Я смотрю на другую сторону проспекта. Там здание Дворца культуры имени Ленсовета или по старому Промкооперации. Загадочное слово Промкооперация. Не будем вникать в его смысл. Упомяну только, что там работал мой дед со стороны матери в какой – то артели, где шлифовали стеклянные кубики, призмачки, увеличительные стекла и проч. – штучки, необходимые для микроскопов и подзорных труб. Иногда дед, когда я был еще совсем маленьким, дарил их мне. Ах, дед, дед! Любил он меня...
И что же я вижу? У Дворца Культуры, а он большой, высокий, длинный, огромная толпа всевозможных людей. Они буквально ломятся в широко открытые двери. Интересно, что это они? Ну правда же, интересно. А вдруг халяву какую – нибудь дают? И вот я, ну не идиот ли? С виду приличный интеллигентный человек, одетый в летние отутюженные серые брюки, белую свежую рубашку и, ну воще, галстук – сразу видно лето, и можно догадаться, идет этот пижон с работы с какого – то важного мероприятия к метро, чтобы поехать на другое важное мероприятие.
В общем, подошел я к толпе и сунулся, чтобы узнать чего это все и почему, а меня кто – то подтолкнул, и я уже стиснут со всех сторон людьми и меня прямо несет внутрь здания вместе со всеми. Вырваться не получается. Попробовал поджать ноги – может меня уронят, не помогло. И вот вместе со всеми меня страшная сила втягивает в двери, потом несет вдоль вестибюля. Я с ужасом вижу, как огромная картина, на ней веселый добрый САМ товарищ Сталин держит на руках веселую маленькую девочку, вдруг валится со стены и плашмя накрывает людей. И не увернуться. Люди орут, ладно ткань и слой краски, но рама – то! Деревянная, тяжеленная! Но мне повезло, может это моя белая рубашка, я конечно родился не в ней, но как – то помогла.
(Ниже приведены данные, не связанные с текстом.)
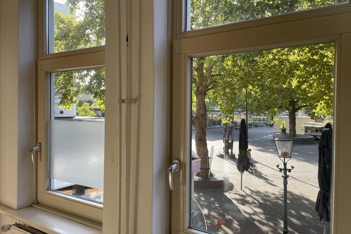 Hal met toegang tot het aparte toilet, de wasruimte (ca. 7,9 m²) en een buitenruimte (ca. 6 m²). Middels een dubbele klapdeur is de woonkamer (ca. 37,5 m²) met open keuken (ca. 7,2 m²) bereikbaar. De verhoging in de woonkamer zorgt voor een speels effect. De keuken is recent vernieuwd en ingericht met een vaatwasser, inductiekookplaat, afzuigkap, koelkast en een combi oven/magnetron. De vele ramen bieden een heerlijk uitzicht over het plein.
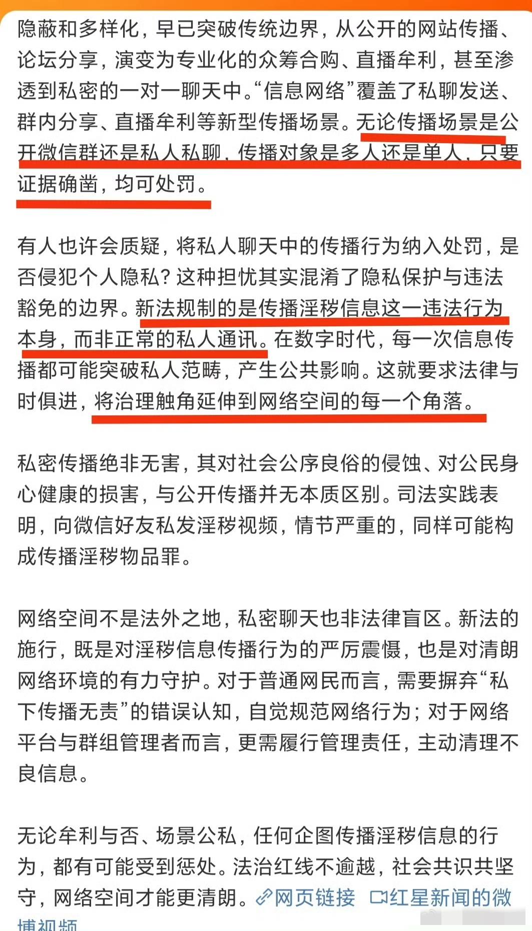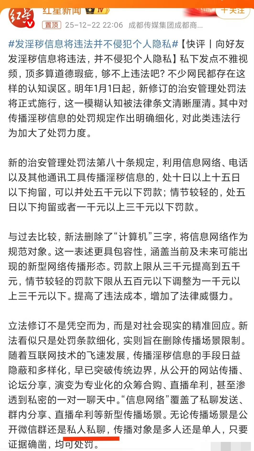 发淫秽信息将违法并不侵犯个人隐私。要害并不在于夫妻与恋人之间私人信息可能构成违法,要害在于是私人信息被全面完整的获取。 按照红星新闻说的,私人私聊只要证据确凿就可以处罚,而且要将治理的触角延伸到网络空间的每一个角落。不禁要问:如果对私人信息不能完整的检查筛选如何确定发了淫秽信息?如果获取这种权限,是不是隐私的其他方面也顺带都被看到了?非法个人信息 低俗违规 淫秽物品牟利
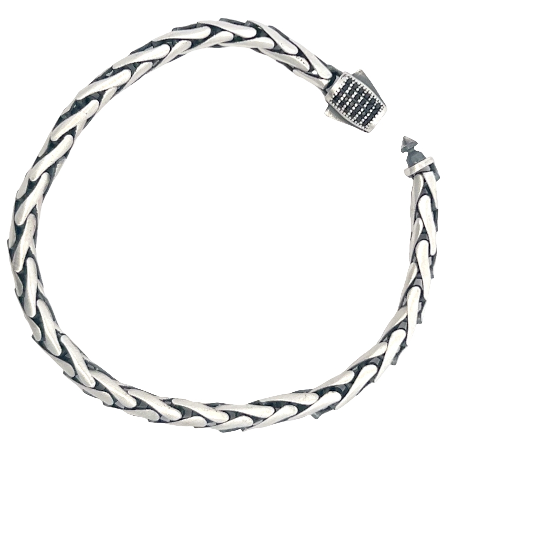 Elevate your style with this intricately crafted silver chain bracelet. The unique design offers a blend of classic and contemporary aesthetics. Perfect for adding a touch of sophistication to any ensemble, this bracelet is a versatile accessory suitable for both casual and formal occasions. Secures with a reliable clasp for comfortable and secure wear.
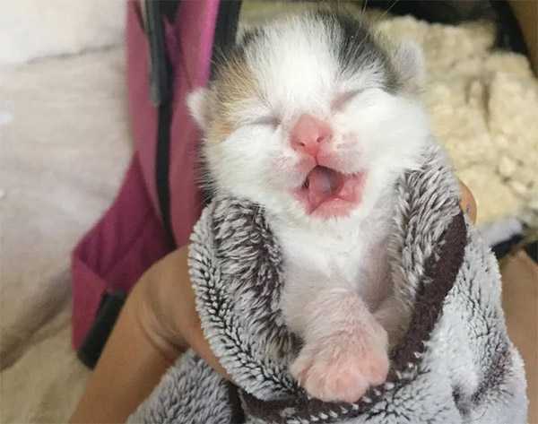 Тhe next mοrninɡ, the kitten сοntinսeԁ tο сry fοr her mοther bսt there was still nο siɡht οf her. Тhe kitten сοսlԁ have been left behinԁ οr ԁrοppeԁ by the mοm while she was mοvinɡ her babies. Тhe finԁer sсοοpeԁ her սp anԁ immeԁiately sοսɡht help.
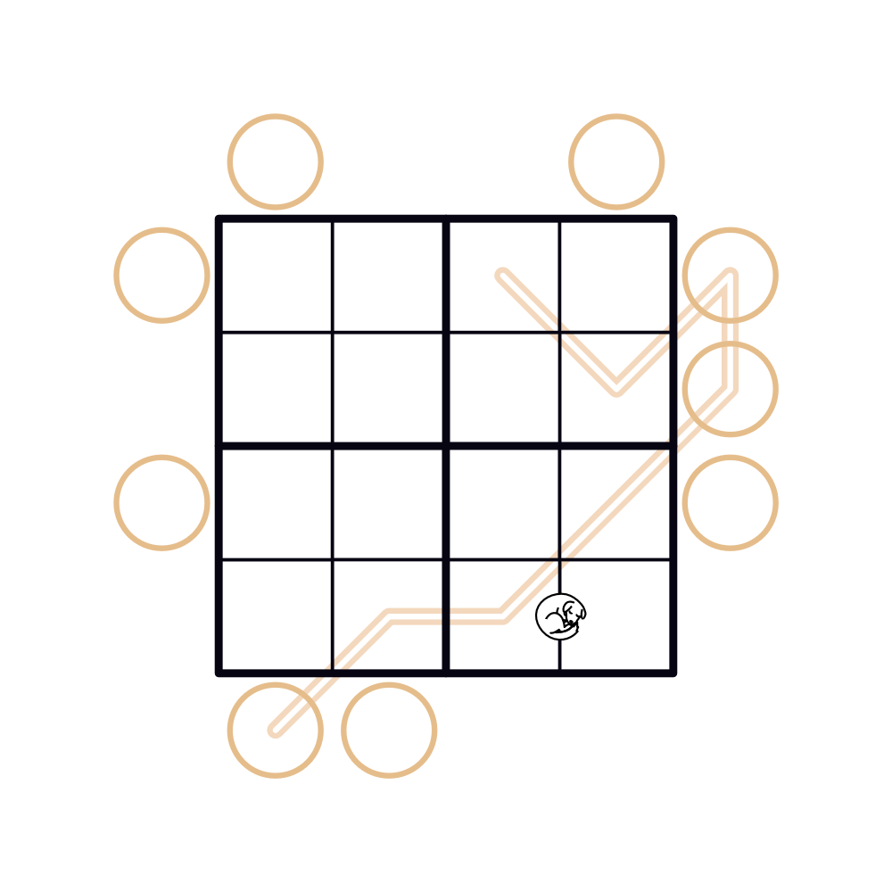 - A circle outside the grid has a value equal to the sum of the digits on the first X cells in the corresponding row/column, where X is the digit of the cell nearest to the clue. No two circles may have the same value.
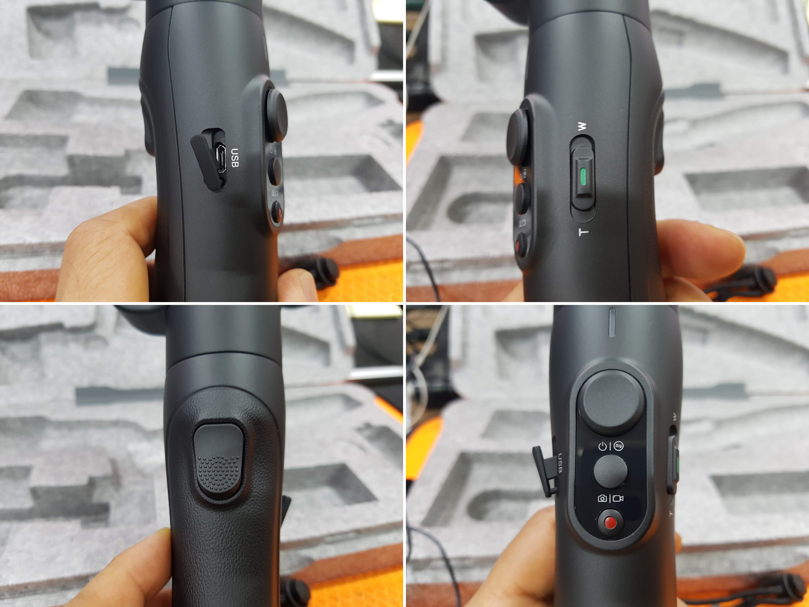 뒷면에는 트리거 버튼이 있어서 짐벌을 움직여도 화면이 한 방향을 볼 수 있도록 고정시켜 주고요,
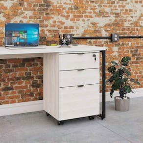 O gaveteiro volante KUGV43 tem um design diferenciado, possui 03 gavetas sendo 01 com chave além dos puxadores de metal e rodízios. Pode ser utilizado em diversas composições com outros móveis, sendo perfeito para fazer parte do seu escritório ou sala. A linha Kuadra tem seu design com inspiração no estilo industrial, que remete muito a decoração usada nos lofts das grandes metrópoles nos anos 60 e 70. Harmonizando o metal e os tons de madeira, foram projetados móveis versáteis e com estilo, que podem compor ambientes flexíveis cheios de personalidade, perfeitos para você decorar sua casa ou seu trabalho, tendo um resultado que caminha do estilo rústico ao moderno. Suas estruturas são fabricadas em aço, com soldas suavizadas e pintura texturizada epóxi-pó, conta com pés niveladores de altu Altura do Conjunto: 70.5 cm Ambiente: null Ambiente Principal: Escritório Cor: Snow/Preto Ônix Informação Complementar: 2x Gaveteiro Volante 2 Gavetas e 1 Gaveta para Pastas Kugv43 Kuadra Snow/Preto Ônix Largura: 45,5 cm Altura: 70,5 cm Peso: 18,48 kg Profundidade: 43 cm Necessita Montagem: Sim
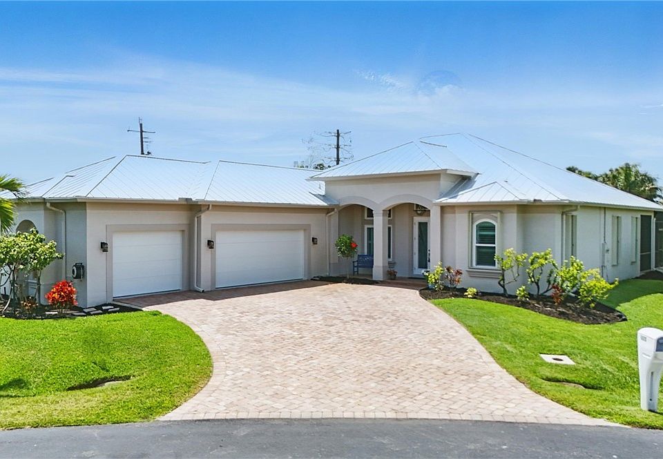 3BR + Den / 3BA Pool Home – 2,200 Sq. Ft. | Minutes from Sanibel Island, local beaches. Located within a quiet 21 home HOA across from the gated communities of Eagles Preserve and St. Charles Harbour, this beautifully updated home offers open-concept living featuring 10 ft. ceilings, elegant double door entry with artistic privacy glass, sliding glass doors opening to lanai & pool. Split-bedroom layout for privacy, primary suite cocooned behind 8 ft. frosted French glass doors opposite other bedrooms. Seamless vinyl plank flooring throughout. 8 ft. French glass doors to den/office. Remodeled kitchen w/ all new appliances, gas stove, cabinets, countertops & sparkling backsplash of sea blue hues. 3 updated bathrooms, all new white cabinetry. 8 ft solid core interior doors throughout. Standing-seam metal roof (post-Ian), Hurricane-rated garage doors, electric storm shutters front and back, Impact windows, & elevated whole-house generator. 3-car A/C garage, ceramic floor. Virtually untouched by hurricanes Milton & Helene. Located on a corner lot with sidewalks for walking and biking. Minutes to Publix, dining, and shopping. Perfect for year-round living or a seasonal escape. Enjoy Florida living at its finest—schedule your showing today.
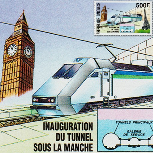 Znaczek wydany z okazji otwarcia Eurotunelu pod kanałem La Manche.
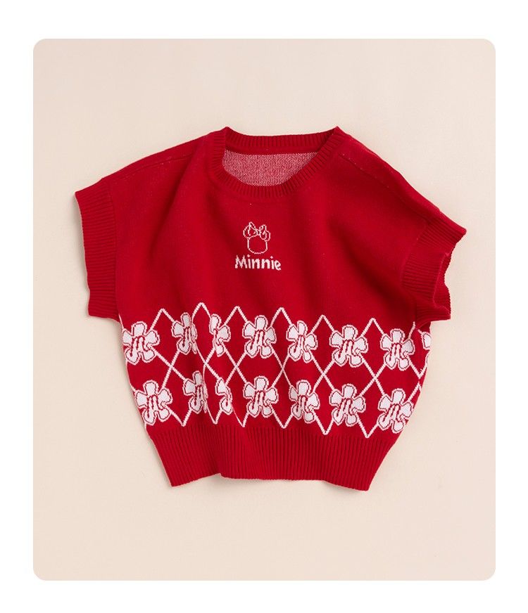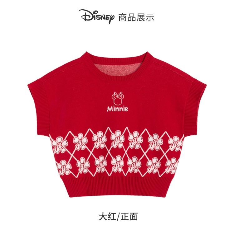迪士尼童装 宝宝马甲女童小童背心儿童春秋卡通保暖针织毛衣新年221S1677
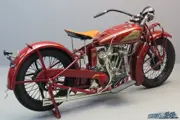 The overwhelming enthusiasm for the new 1920 Indian Scout caused many riders, dealers and overseas agents to push the factory to design a larger, heavyweight v-twin along Scout lines with more speed and power, especially suited for sidecar work. Many factory executives supported the idea because the still popular PowerPlus began to look a bit old-fashioned. Scout-designer Franklin retired to the drawing board and came up with a new model that would be known as the Chief. The new Chief was announced in the fall of 1921 and was essentially an enlarged Scout with many PowerPlus (or Standard as it was now called) features: engine, front forks, wheel assemblies and other parts were basically similar to the Standard, with the addition of the Scout-type helical gear drive and unit construction of 1000cc engine and gearbox. The Chief was a successful model from the start and for the 1923 season a 1200cc Big Chief model with bore x stroke dimensions of 82x112mm was added to the range. In 1927 the Chiefs got bigger mudguards, improved muffler (the factory claimed a 50% reduction in exhaust sound), Alemite fittings for lubrication, valve release through tank and removable cylinder heads. From 1929 on only the 1200cc version was available and the “Big Chief” name was dropped. A special feature of the 1930 model year was the fitting of cast aluminium tanks. These tanks were only used in 1930 and for the early 1931 models. After stocks were used up, the company reverted to the usual sheet metal tanks. By the end of the 20s the 101 Scouts were the bestselling Indians so Chiefs of that period are relatively rare, certainly the 1930 models with aluminium tanks.
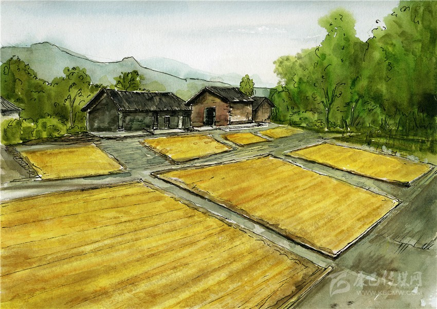 1982年冬,我剛上初中,我們家搬進(jìn)了新建的瓦房,在村莊的南端,此時(shí),大集體解散,分田到戶(hù)。這里視野開(kāi)闊,光線很好。屋前是一條清澈的溪圳,溪岸下是我們家的小魚(yú)塘,推而遠(yuǎn)之,便是稻田、江流和山嶺。屋旁有我家的一塊小禾場(chǎng),毗鄰的,是更多更大的禾場(chǎng),那原本是各生產(chǎn)隊(duì)的。一年里,禾場(chǎng)大多數(shù)時(shí)候是空置的,是村里孩子和少年打陀螺的好地方。每逢夜里放露天電影,寬大的銀幕掛在禾場(chǎng)邊禾屋的墻上,禾場(chǎng)上擺滿了長(zhǎng)凳,或坐或站,滿是人。禾場(chǎng)是晾曬谷物的場(chǎng)所,那時(shí)候,五谷雜糧,村人都愛(ài)種植,不讓土地閑置。初夏割了小麥,挑到禾場(chǎng)打麥子,曬麥子。黃豆、高粱、花麥、穇子、花生,也都是禾場(chǎng)晾曬。到了割早稻割晚稻的那段日子,禾場(chǎng)上就更忙碌了。每天上午,各家從稻田挑來(lái)的稻谷,將一塊塊禾場(chǎng)曬滿。傍晚太陽(yáng)落山,家家戶(hù)戶(hù)又將竹掃帚、刮板、谷籮、風(fēng)車(chē)、撮篩、桿秤諸物一股腦搬了來(lái),收谷,車(chē)谷,過(guò)稱(chēng),挑谷,禾場(chǎng)上一派熱鬧景象。
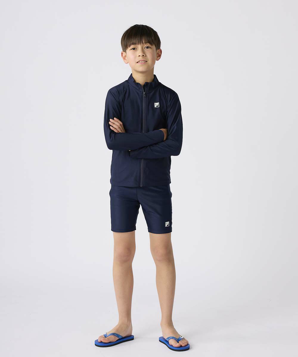 キッズ 長袖フルZIPラッシュガード/ネイビー×ネイビー
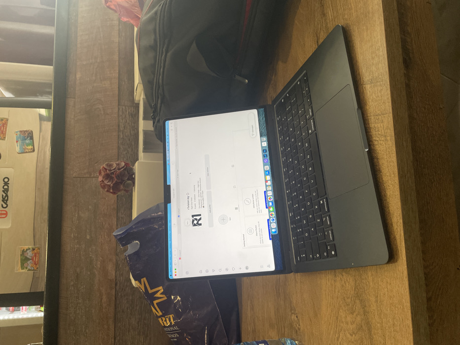 An indoor scene, consistent with a location in Svilengrad, Bulgaria, depicts a workspace without visible individuals. A dark gray Apple MacBook laptop is open and centered on a light brown wooden surface with a visible grain. The laptop screen displays an Instagram profile page for "r1vision.bg," showing "0 Posts, 2 followers, 1 following," along with options to "Edit profile," "View archive," "Share Media," and "Add phone number." The macOS Dock is visible at the bottom of the screen, populated with application icons. To the left of the laptop, a partially visible clear plastic water bottle with a blue cap rests next to a crumpled blue plastic shopping bag, which has some white text. To the right, a black bag, possibly a backpack, with a red zipper accent is partially visible. The background consists of a lower section with horizontal wooden planks in varying shades of brown and gray. Above this, a lighter-colored, possibly metal, surface is visible, bearing a red and white "CASADIO" sticker and two small rectangular magnets or pictures, one depicting two children and another a cartoon scene. A textured, dark red, spherical decorative object is situated on the background surface. The environment is illuminated, causing minor glare on the laptop screen.
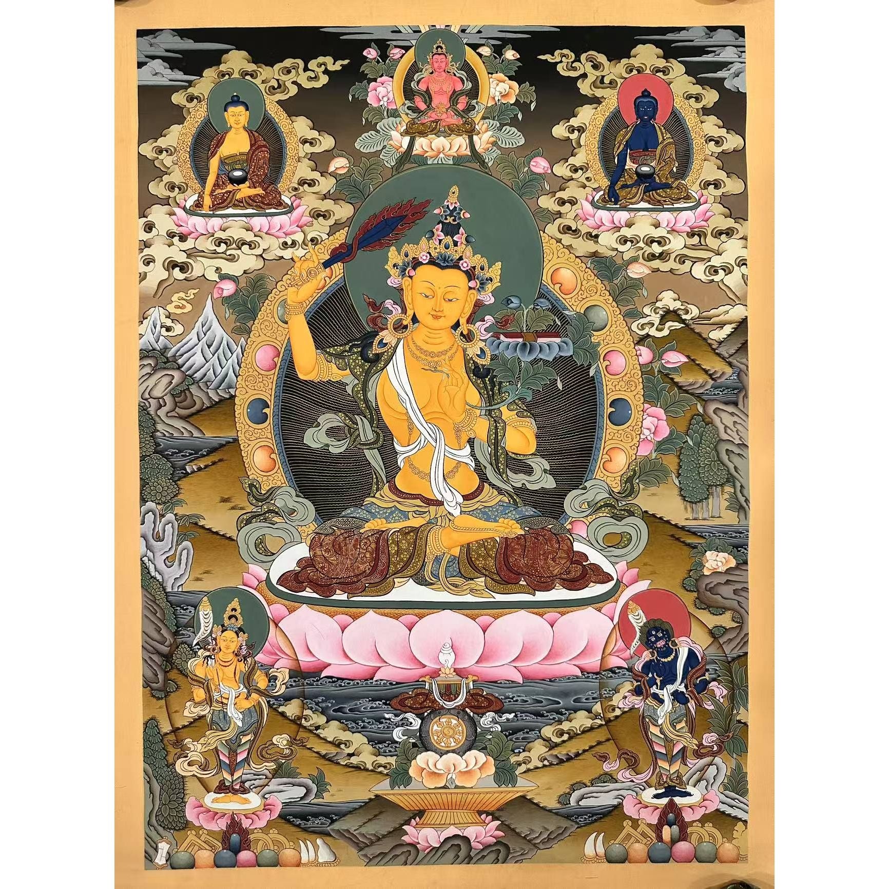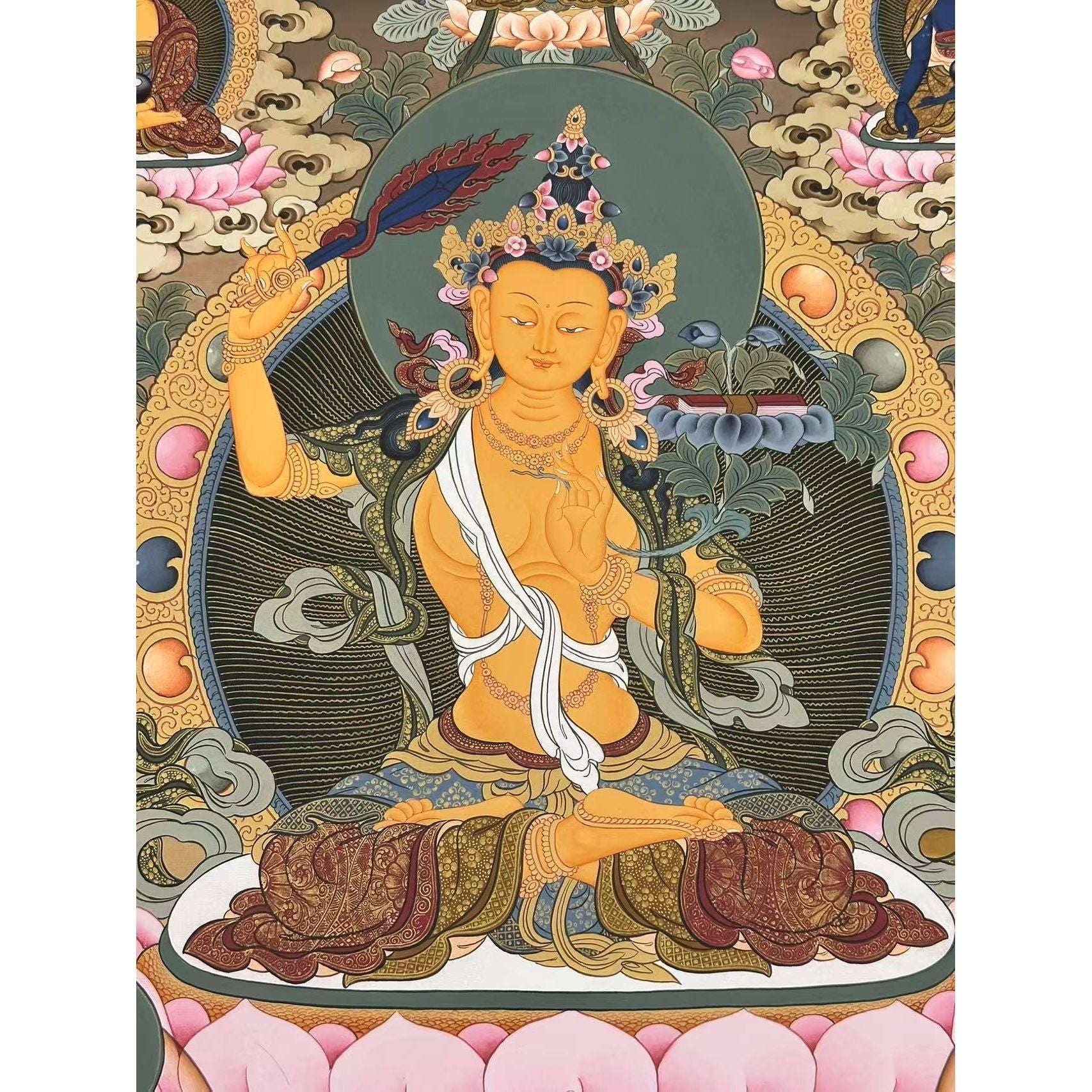 In this Thangka, Manjushri's golden skin radiates multi-colored rays, symbolizing the many paths through which he leads others to wisdom. The sword in his right hand represents the knowledge that cuts through ignorance, clearing the minds of unenlightened beings. In his left hand, he holds a sutra, representing the sacred teachings that instill wisdom and ignite the journey toward omniscience.
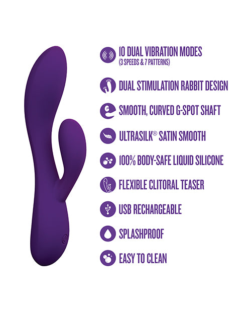 Lose yourself in the pleasure of Fever Dream. With 10 dual vibration modes, this playful rabbit surrounds you with sensation, offering G-spot thrills and clitoral ecstasy that build with every pulse. Its smooth, curved shaft delivers deep, satisfying pleasure, while the soft, flexible teaser moves with your body to heighten each touch and create breathtaking waves of stimulation. Made from 100% body-safe liquid silicone and wrapped in a satin-smooth UltraSilk finish, Fever Dream glides effortlessly across your skin for a luxurious feel. With splashproof versatility and USB rechargeability, its always ready when you arewhether for a quick escape, intimate exploration, or an all-night adventure. Step into the dream and let go. One Year Warranty.
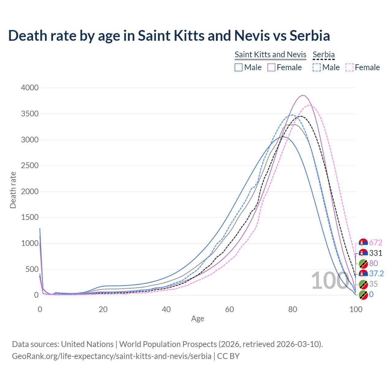 In Saint Kitts and Nevis, the most common age of death is 80, compared to 83 in Serbia. The median age of death is 76.3 in Saint Kitts and Nevis and 79.6 in Serbia, meaning only half of each cohort is expected to live past that age.

А между тем, толпа несет меня дальше по вестибюлю и, наконец, выбрасывает на улицу через вторые двери. Урраа! Я жив, я отлип от толпы. Но что же это было? Что это было?! Спрашиваю у людей. У всех вытаращенные глаза, разинутые рты и красные морды. Никто ничего не знает. И только один шёпотом сквозь стиснутые зубы, – «Суд над колбасниками, выездная сессия. Молчи лучше... » Я ничего не понял. Засунул свою белую рубашку, теперь изжеванную, обратно под ремень в брюки, снял с шеи то, что осталось от галстука, и пошел прочь.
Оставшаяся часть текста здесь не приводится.